Anyhow, The DVD’s showed up the other day, and I brought them home. The Mrs. looked at them and said, “oh, yeah. I remember that.” We’d pre-ordered them about a month ago.

For background, The Adventures of Brisco County, Jr. was shown on Fox over a decade ago, and cancelled after one season. It was the funniest Harvard lawyer-turned bounty-hunter to avenge his father’s death science-fiction-western ever. It starred Bruce Campbell, which is fitting for the subject matter.

I pulled my prized DVD out and showed The Boy. “Do you want to watch a DVD with cowboys and horses and trains?”

“No.” Duh.

After duct-taping him to the couch, I put the first episode of Brisco on. The Mrs. went off to work at her job teaching wayward salmon how to swim upstream and spawn. The Boy watched the episode with me. And then we watched, at his request, the second episode. It's now his favorite show to watch, no duct tape required.

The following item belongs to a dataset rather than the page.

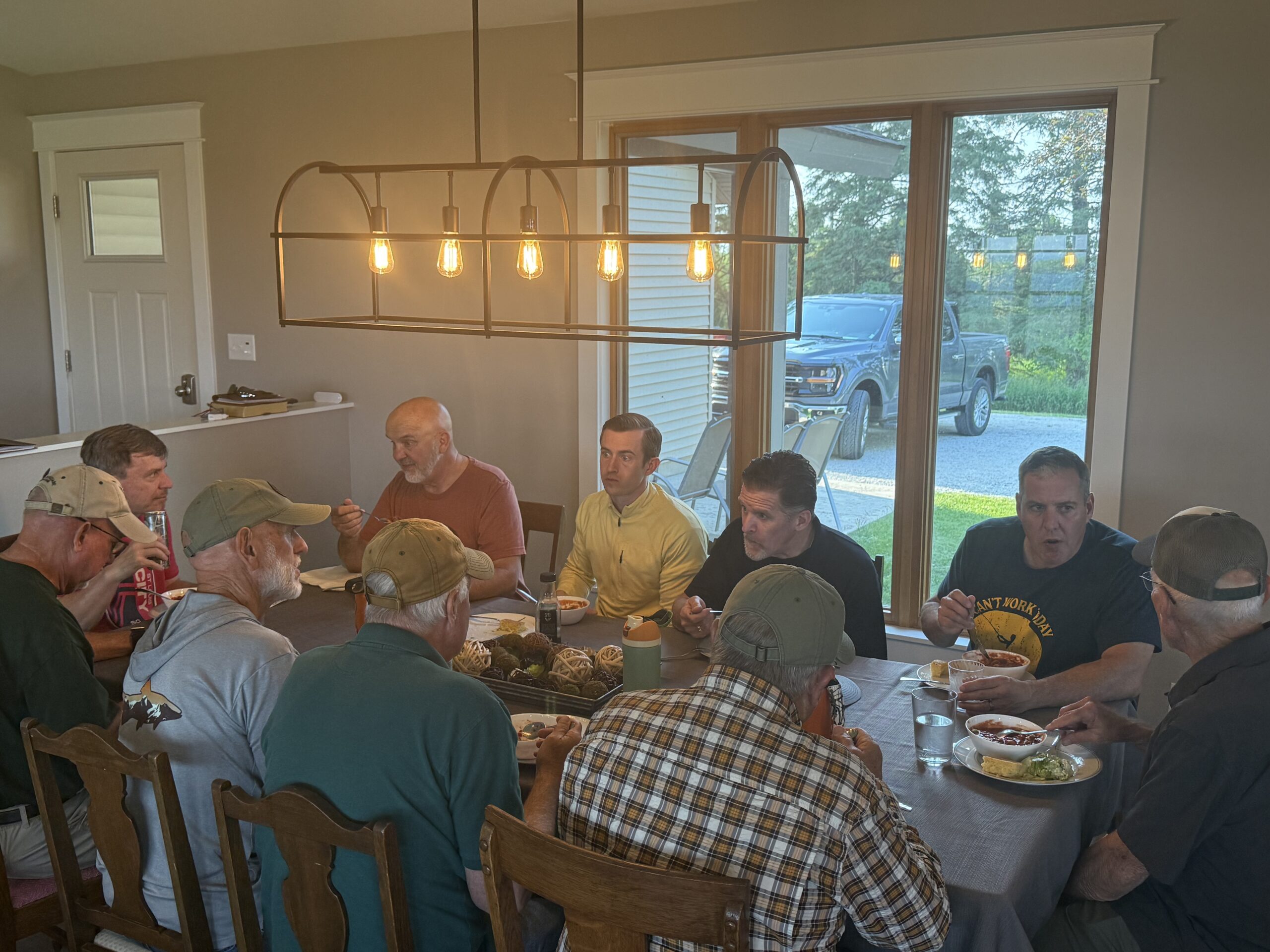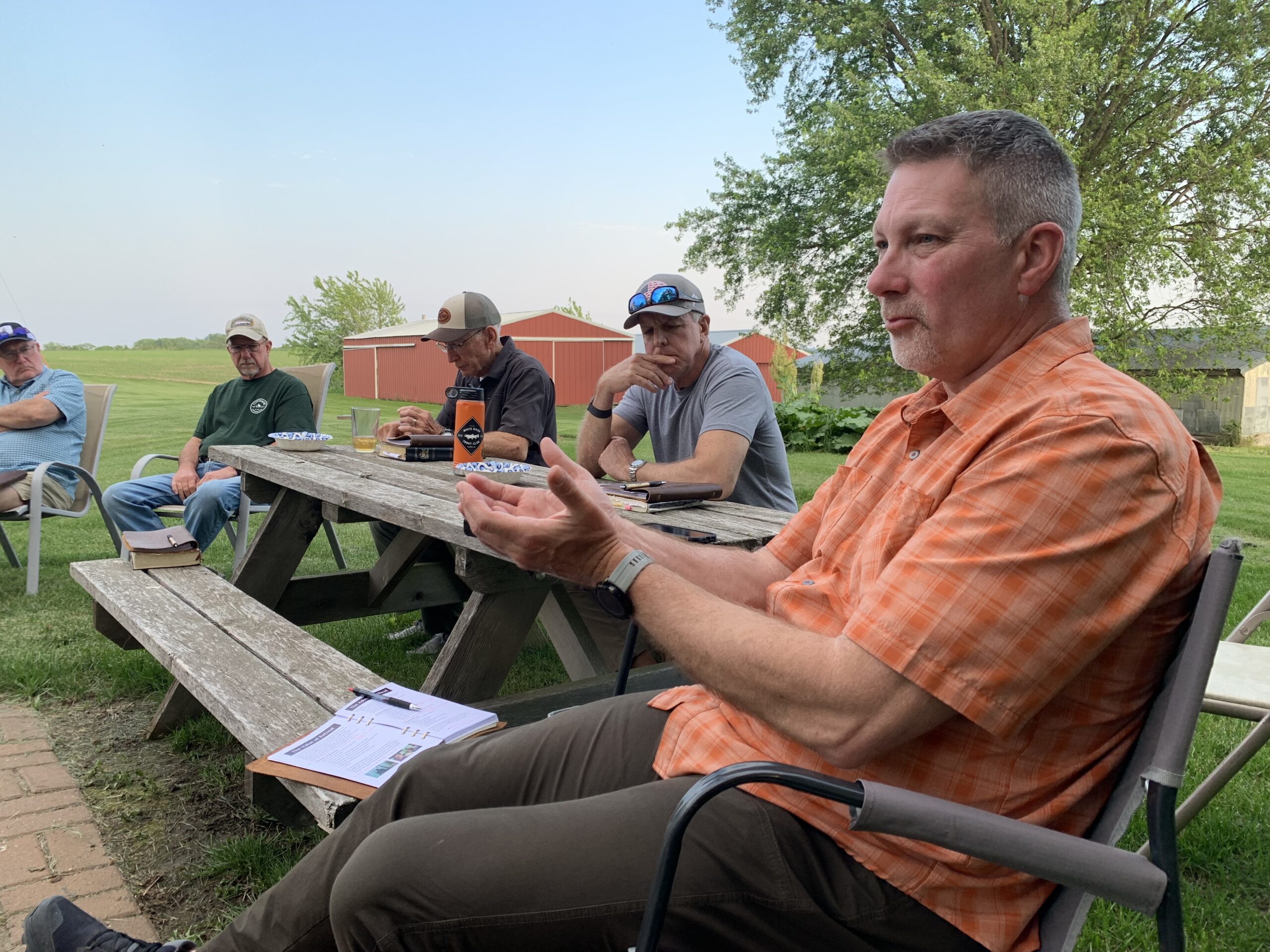 This was the fourth FATC/Altar fly fishing retreat. Each year we send twelve of our men to participate in this experience. Our members that attended this year were Glenn Haake, Denny Garner, Alan Hautly, Bob Born, Tom Strawther (from Houston), Vernon Mansfield, Wes Sebacher, Greg Krochta (from Colorado), Don McCain, Mike Walton, Tony Kalinowski, Scott Dougherty. All attendees arrived on Tuesday afternoon to get their room assignments and enjoy a meet and greet at the “Main House”. The schedule and rhythm for the retreat was similar like years past. We would all meet for breakfast, have a teaching and conversation session, personal reflection, fishing in the driftless area, appetizers and dinner and then close with evening discussion and fellowship.

The following night, we watched another episode. Given that there are 27 or so hours on DVD, we’ve got several weeks of western geek fun (what other show has a black-hat villain extolling the virtues of realism while demeaning expressionist painting while commenting on a rock that a painter is painting a landscape on so a train will think it’s the track and run into it, a la Wile E. Coyote?) we can start again.

Brisco is eternally optimistic, searching for “The Coming Thing,” his term for new technology and ideas that will create opportunity and wonder in the new century (the show is set in 1893). Alaska’s state nickname is “The Last Frontier,” and here’s to hoping that The Boy spends his time looking for, and creating his own opportunity and wonder in this century. And learns not to shop while sipping merlot.

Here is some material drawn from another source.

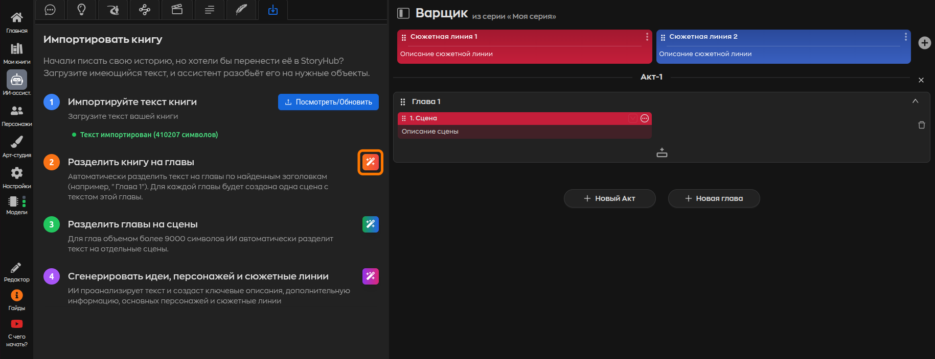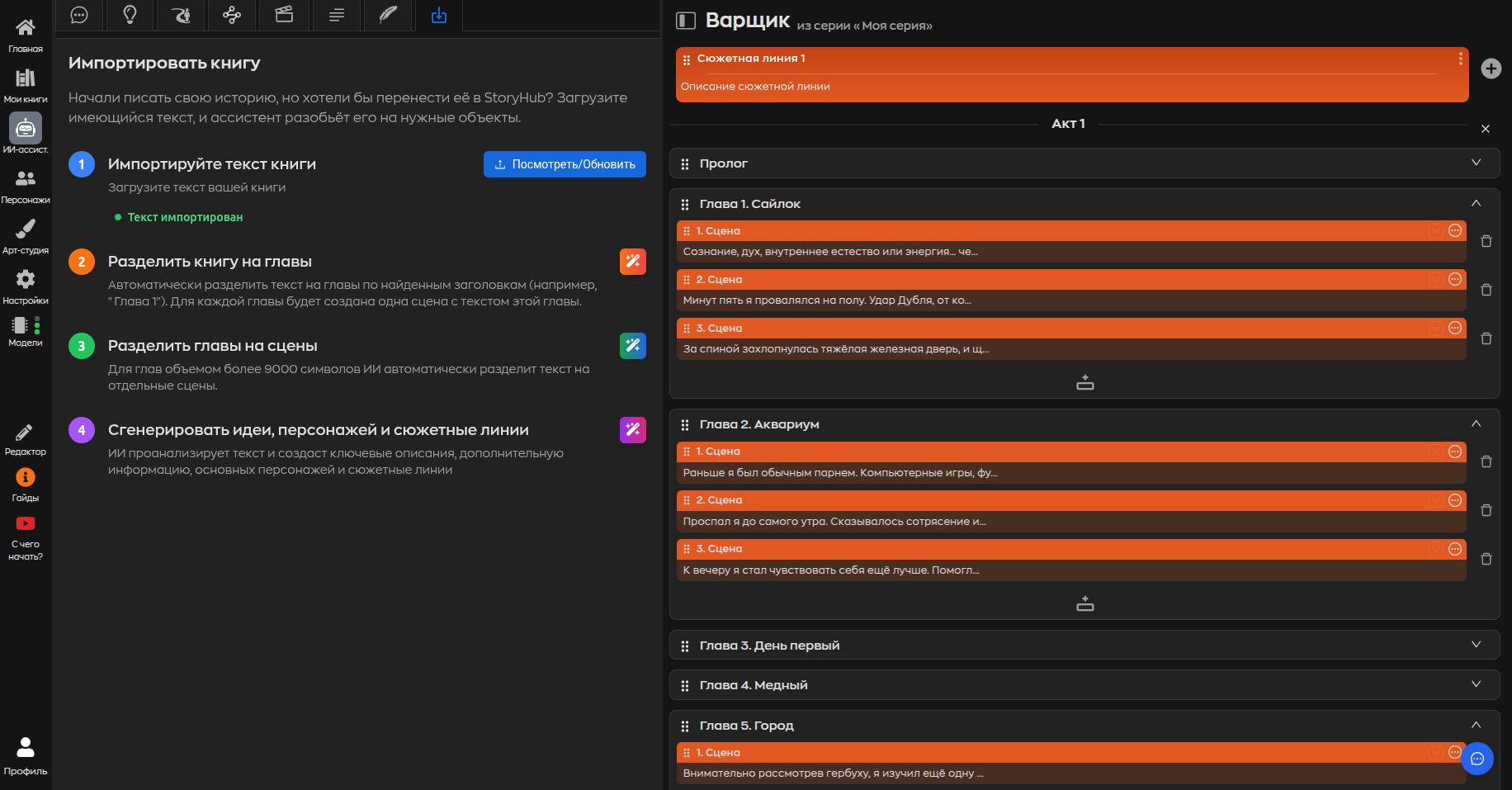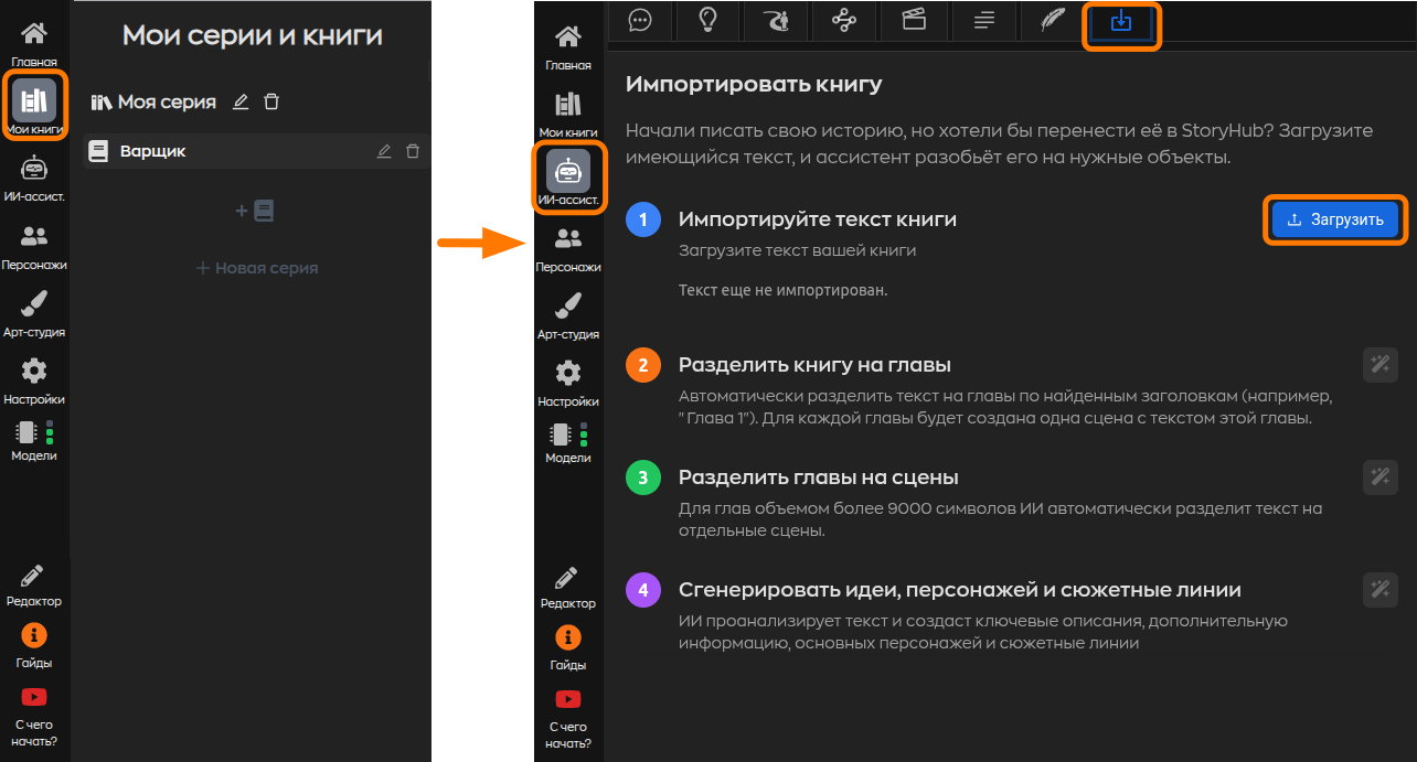 После того как мы зарегистрировались, нам нужно создать новую серию и книгу в разделе “Мои книги”. Можно сразу их переименовать. Затем перейти в раздел “ИИ-ассистент”, выбрать вкладку “Импорт” и нажать кнопку “Загрузить”.

Quote of the Day: "Nobody's had hot chocolate today. Why are there mini-marshmallows stuck to my shirt?" - The Mrs.

9 Comments:

Blogger DogMa said...

"Nobody's had hot chocolate today. Why are there mini-marshmallows stuck to my shirt?" - The Mrs.

Is it cold in the house?

Anywho, I do not remember this Brisco fella. I am intrigued and must now got NetFlix it! Glad you and the boy are spending some real quality time watching a real quality show together.

10:48 PM  
Blogger Duck Hunter said...

I like how you tried to sell it to the boy at first. Using key words to get his attention. Cowboys, horses, and trains should have worked. Maybe work on your presentation.

4:04 PM  
Blogger CabinDweller said...

Ah, Bruce Campbell. I never watched Brisco back in the day it was on, but since then have developed an appreciation for his B-movie greatness via Evil Dead, Evil Dead 2, and Army of Darkness.

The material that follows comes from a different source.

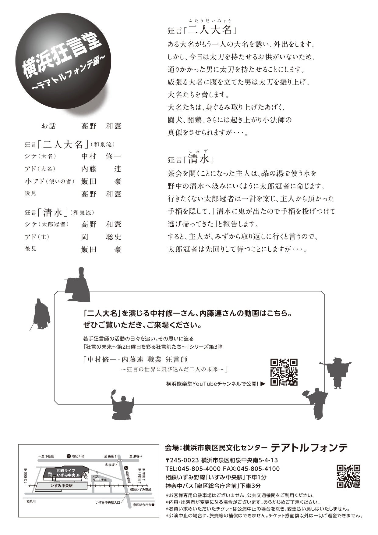 横浜能楽堂は令和8年6月まで休館中のため、今回の横浜狂言堂はテアトルフォンテで開催します。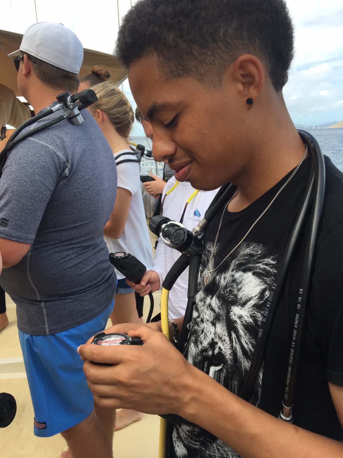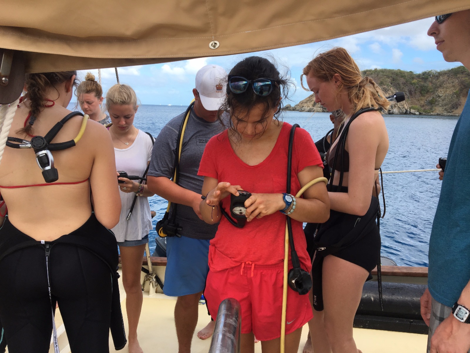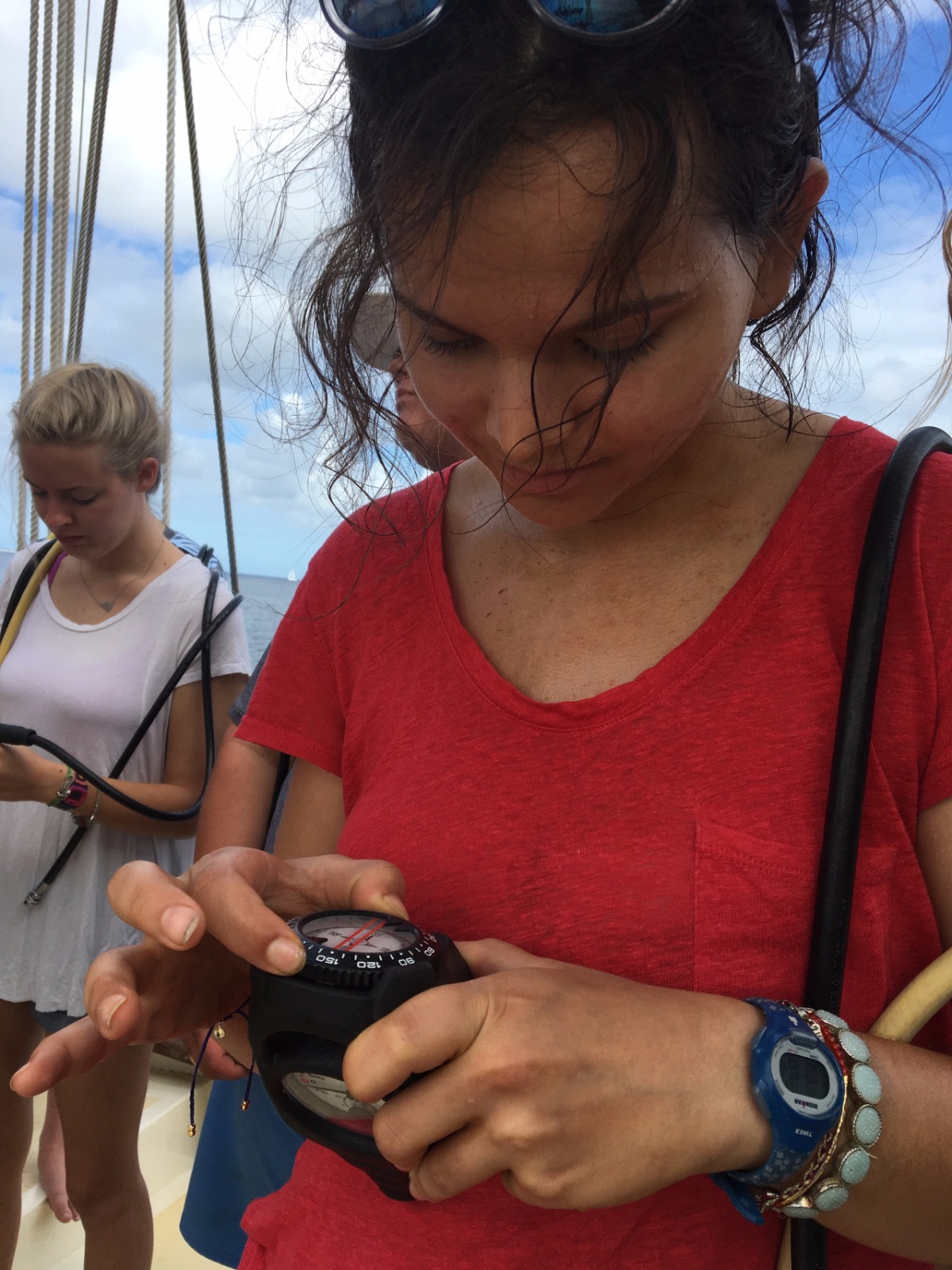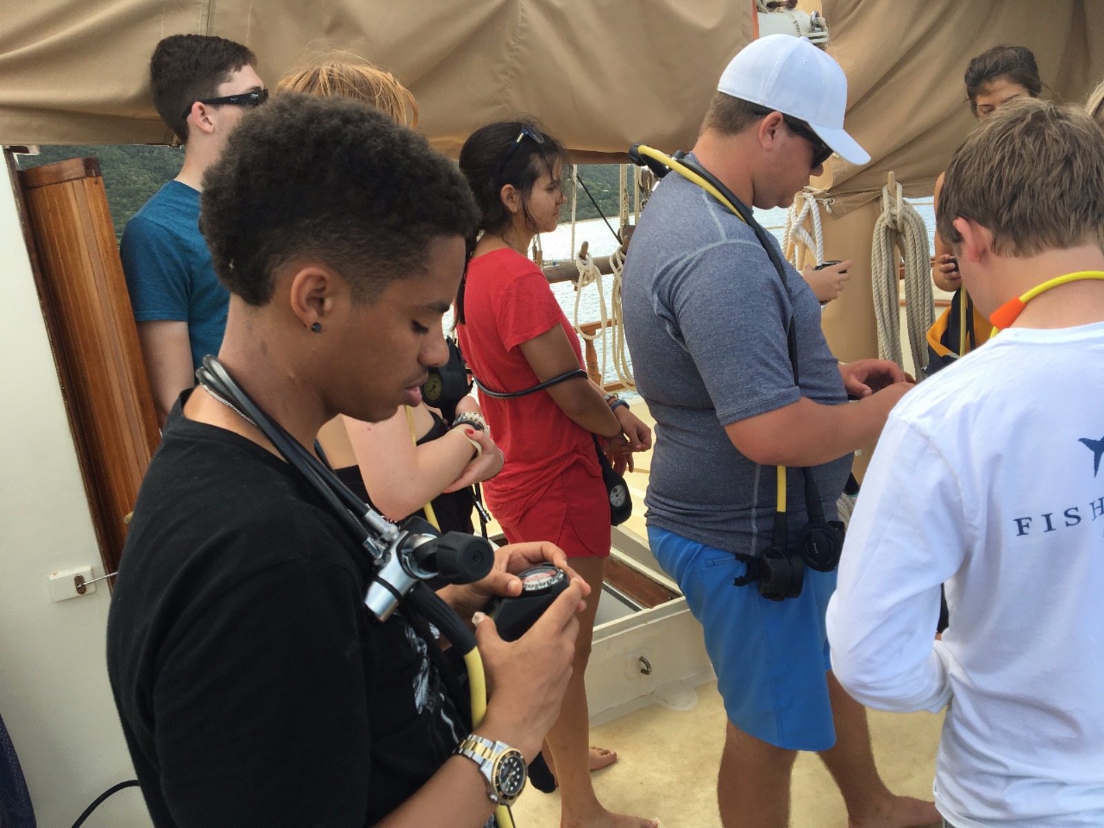Today started with a beautiful sunrise followed by some delicious boatmeal, which is just oatmeal served on a boat. As we started the morning with a Seamanship class, the clouds rolled in, followed by some light rain and wind. However, this didn’t stop us from walking up and down the boat, learning the names of various parts, and practicing knots. After, we all suited up and headed to our second-to-last certification dive for the PADI Open Water Certification. We finished up this chilly dive and headed back to home base for a delicious lunch of pad Thai and leftovers. After this filling lunch, we eagerly jumped back into the water for our final training dive and passed with flying colors. This now means the majority of the crew is certified to dive in 60 feet of water, with the few remaining stragglers soon to follow. The clouds then lifted as if in celebration of our accomplishments to reveal a spectacular late afternoon of relaxing and swimming before dinner. Dinner was a very satisfying meal of pesto pasta and sausage. As the sun was setting, we cleaned up dinner and headed into the cozy confines of the salon for our leadership class. This involved a very thoughtful discussion of morals and values with more than enough jokes thrown in to peacefully end another perfect day in the Caribbean.

So thanks for the reminder, I'll have to put it in my Netflix queue.

And, I'd recommend Deadwood for you and The Boy, but I suspect you'll have to wait a few years on that one, at least until he's of swearing age.

4:39 PM  
Blogger Michael said...

To be fair, even awful things that have Bruce in them are worth watching. Thankfully for Brisco, it was actually kinda good. I haven't seen it in years, though.

10:47 PM  
Blogger Al said...

Merlot? You were sipping Merlot? How could you be so weak? You should be chugging beers!! Snap out of it, man!

6:17 PM  
Blogger Joann said...

Is Netflix ging to wonder what is up?

2:15 PM  
Blogger Woofwoof said...

I am a fan of Bruce Campbell, but I have not heard of Brisco. Must resist... Throw away the Merlot...

8:23 PM  
Blogger Lynn said...

I did the same sort of thing in a mad Walmart moment. I caught a huge amount of the old Western serials for like 2bucks, that is 2.08 in metric.
And in the second mad walmart moment I got a slew of dollar DVD's all B horror flicks Vincent price, and Alfred Hitchcock! And a little surprise was Gothic that was out in my adult lifetime.

7:23 PM  
Blogger John said...

dogma,
We've been running fires for the last two weeks, but only at night.

Go . . . NetFlix!

duck,
Nah, if I'da said "ghosts" well, I'da had him at "ghosts"

He's finicky.

cabindweller,
Again, go NetFlix! Yeah, I saw an episode of Deadwood. We could watch it, before they took him away from me.

michael,
All things Bruce are good. Especially my autographed book.

al,
Ummm, that was all that was in the house. I drank all the beer.

joann,
I hope so. Brisco is really good.

woof,
If'n there's no beer, well, gimmie a dirty (wine) glass of Merlot.

lynn,
Ohhhh, that rocks. Now I gotta troll Wal-Mart. Dang.